Livro Paraó e Peba é exemplo de que é possível falar com crianças sobre temas complexos

Equipe - Publicado na categoria Entrevistas em 25/01/2022


Não é fácil falar com as crianças sobre determinados temas. Principalmente quando o assunto envolve um acontecimento real que afetou a vida de milhares de pessoas em todo o Brasil e cujas consequências, ainda hoje, ecoam em nossa memória. Mas essa foi a missão que duas talentosas artistas decidiram cumprir, com talento e sensibilidade.

Paraó e Peba é um livro infantil, escrito pela jornalista Mônica Bonilha, ilustrado pela artista multimídia Ana Lasevicius e lançado pela Editora Yellowfante, selo infantil do Grupo Autêntica. A obra conta, de maneira especial, a história de uma das maiores tragédias ambientais do país: o rompimento da Barragem de Brumadinho, em 2019, sem, contudo, nomeá-la.
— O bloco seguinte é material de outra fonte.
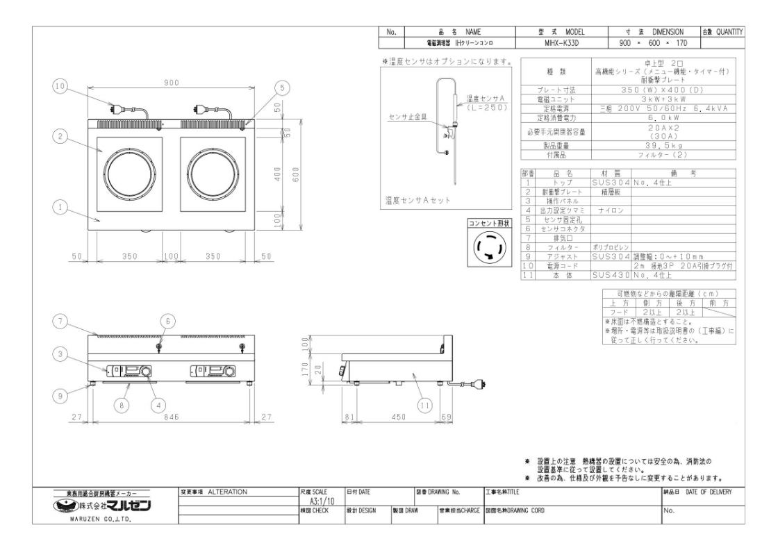MIHX-K33D 【マルゼン】IHクリーンコンロ 幅900×奥行600×高さ170 三相200V
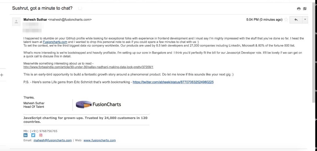 My call to action has always been a brief 15 minutes call. If you’ve written a good cold email, your target candidate should be willing to make an investment of 15 mins. A short call also forces the candidate to think about what we are going to talk about in the call. This makes the candidate invest in looking at the company and thinking about the role. The idea gets incepted and they can see themselves in the role I am selling.
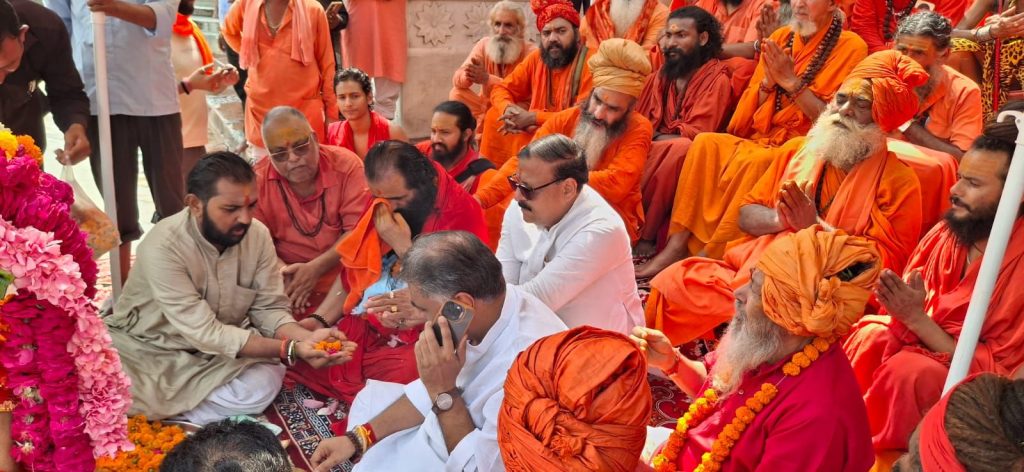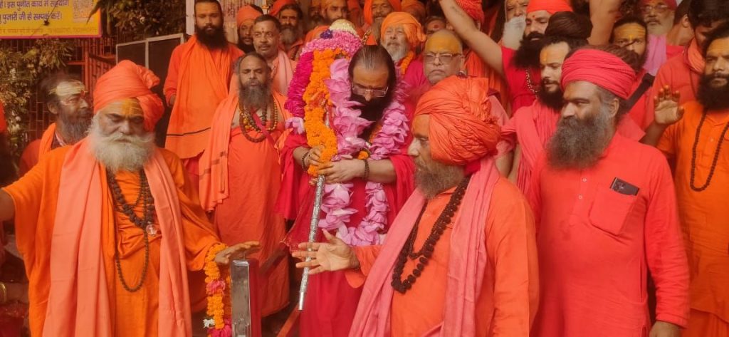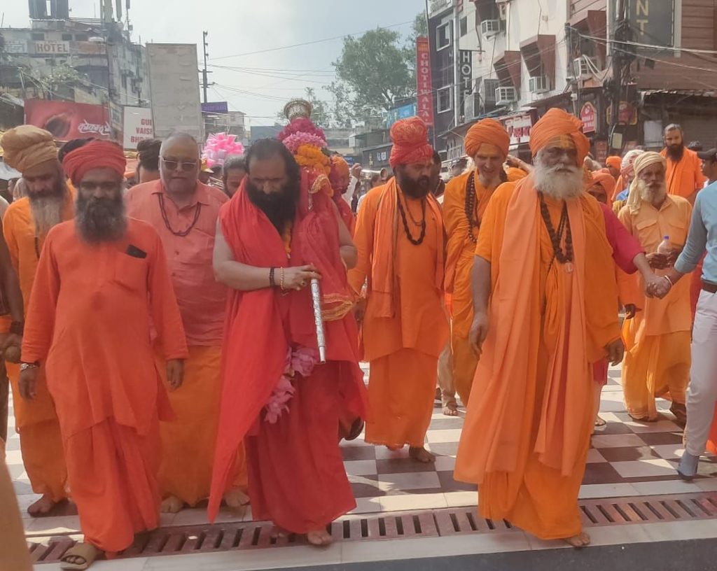 आज सवेरे अखिल भारतीय अखाड़ा परिषद के राष्ट्रीय अध्यक्ष तथा मनसा देवी ट्रस्ट के राष्ट्रीय अध्यक्ष श्री महंत रवींद्र पुरी महाराज तथा जूनाअखाड़े के अंतरराष्ट्रीय महामंत्री हरि गिरि महाराज, अंतरराष्ट्रीय अध्यक्ष श्री महंत मोहन भारती ,वरिष्ठ उपाध्यक्ष श्री महंत केदारपुरी अंतर्राष्ट्रीय सचिव श्री महंत ओम भारती ,महामंत्री श्री महंत महेश पुरी, श्री महंत शैलेंद्र गिरी, श्री महंत महाकाल गिरी पवित्र छड़ी के साथ नगर में भ्रमण करते हुए माया देवी मंदिर से हर की पौड़ी पहुंचे। नागा संन्यासियों के हर-हर महादेव के जय घोष के बीच नागरिकों तथा व्यापारियों व श्रद्धालु भक्तों ने जगह-जगह पुष्प वर्षा कर स्वागत किया।
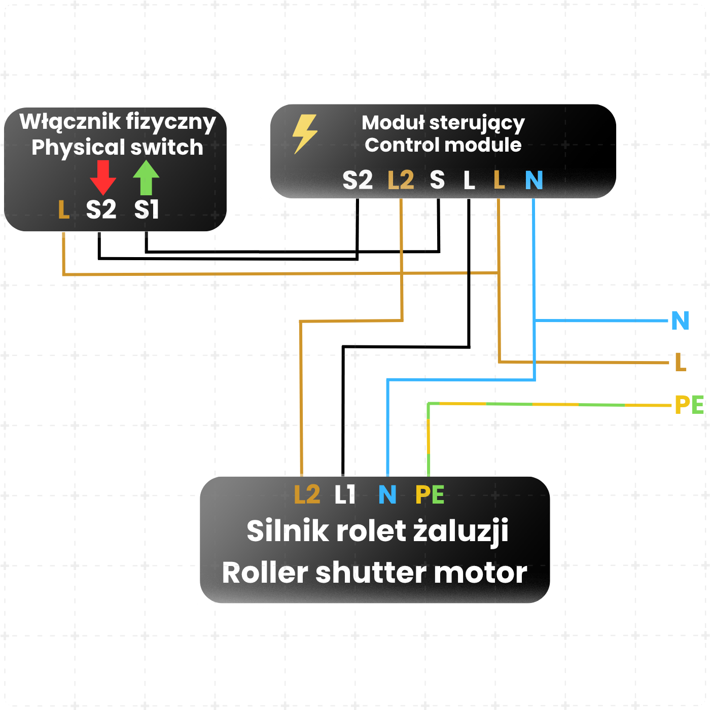 Urządzenie współpracuje z klasyczną instalacją elektryczną i wymaga podłączenia przewodu fazowego (L), neutralnego (N) oraz przewodów sterujących silnikiem. Możliwe jest również podłączenie zewnętrznego przełącznika (S1/S2).

Ao longo destas páginas, vamos conhecer dois peixinhos, grandes amigos, que se veem separados depois de ouvirem um estouro. O que acontece a partir daí, nós, adultos, sabemos. E as crianças também terão a oportunidade de saber, mas por uma outra ótica, para que consigam compreender a força da amizade, da determinação, da esperança e, o que é fundamental: a importância de se preservar o meio ambiente.

Em uma conversa com o Blog do Grupo Autêntica, a autora Mônica Bonilha contou sobre o processo de criação do livro, a escolha da tragédia como tema para um livro infantil e a importância de discutir essas questões, tão complexas, com as crianças.


Por que você escolheu a tragédia de Brumadinho como pano de fundo para a história de Paraó e Peba?
Na verdade, acredito que foi a tragédia ocorrida em Brumadinho que escolheu ser contada por duas piabas: o Paraó e a Peba.


Como aconteceu o processo de criação do livro?
Há três anos, assim que soubemos das dimensões daquela tragédia, diariamente, acompanhávamos a dor e tristeza daqueles que perderam seus queridos. Fui a Brumadinho algumas vezes para encontros com a comunidade porque era quase impossível morar em Belo Horizonte e não se envolver de alguma forma, buscar ajudar. Como sempre traduzo minhas ideias em aquarelas, comecei a pintar muitas cenas de Brumadinho, e a ideia de contar a história pela ótica dos peixes começou a se formar assim. Primeiro com imagens.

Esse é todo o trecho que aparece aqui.